The Wilson's snipe Gallinago delicata (hereafter snipe) is an important webless game bird of wetlands in North America for which the population size is poorly understood (Tuck 1972, Arnold 1994). No statistically rigorous regional or North American population trend estimates exist (Mueller 1999). Current North American population estimates are largely educated guesses of around two million (Delaney and Scott 2006) while a regional estimate for the lower Mississippi Alluvial Valley (LMAV), an important migrating and wintering area for snipe, is around two thousand (Elliot and McKnight 2000). However, this estimate of snipe abundance in the LMAV seems to be low, given that recent harvest estimates show that Louisiana recorded the highest estimated snipe harvest in the LMAV (24 100 ± 108%) in 2010, and that 40 200 (± 60%) snipe were estimated to have been harvested in the entire Mississippi Flyway in 2010 (Raftovich et al. 2011). No statistically rigorous surveys targeting snipe exist in North America; however, snipe are included in both the Christmas Bird Count (CBC) and the Breeding Bird Survey (BBS) (Butcher et al. 2005, Sauer et al. 2012). Decisions concerning snipe harvest regulations at the flyway level presently are based on both the CBC and BBS data (Mississippi Flyway Council Technical Section Webless Migratory Game Bird Committee 2010 unpubl.). Both of the large-scale surveys produce questionable results for snipe in part because snipe are cryptic, snipe breed at high latitudes and so are not surveyed well by the BBS (Robbins et al. 1986), and snipe are thought to move regionally during December (Tuck 1972) when the CBC is conducted. For these and other reasons, a statistically-based large-scale survey on which to base future snipe harvest regulation decisions is needed (Mueller 1999).

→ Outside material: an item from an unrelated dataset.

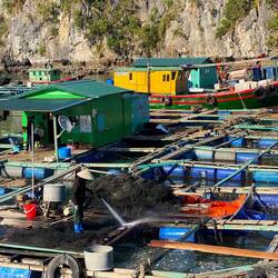 We travelled on a boat through the bays off Cat Ba. We travelled through the floating village of Cai Beo.
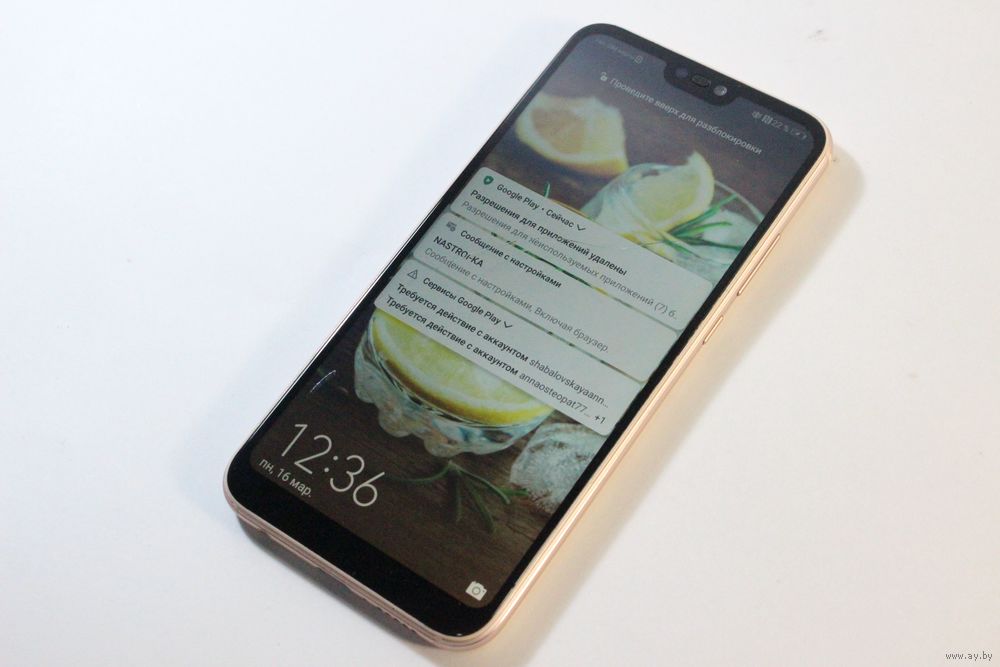 Android, экран 5.84" IPS (1080x2280), HiSilicon Kirin 659, ОЗУ 4 ГБ, память 64 ГБ, аккумулятор 3000 мАч, моноблок

Tuck (1972) suggested three methods for estimating trends in snipe populations: 1) wing surveys, 2) breeding population surveys, and 3) winter population surveys. The US Fish and Wildlife Service recently stopped soliciting snipe wings from hunters in their Parts Collection Survey (R. Raftovich, USFWS, pers. comm.). Thus, while an age ratio based on wing surveys can be calculated for past years, this alternative is no longer an option. Tuck (1972: 380) considered breeding population surveys “impractical because of the extent and remoteness of most of the breeding range”. The third option offered was considered the best alternative by Tuck (1972) where he suggested conducting a winter survey in southern states in early February when the population was relatively stable spatially before commencing spring migration.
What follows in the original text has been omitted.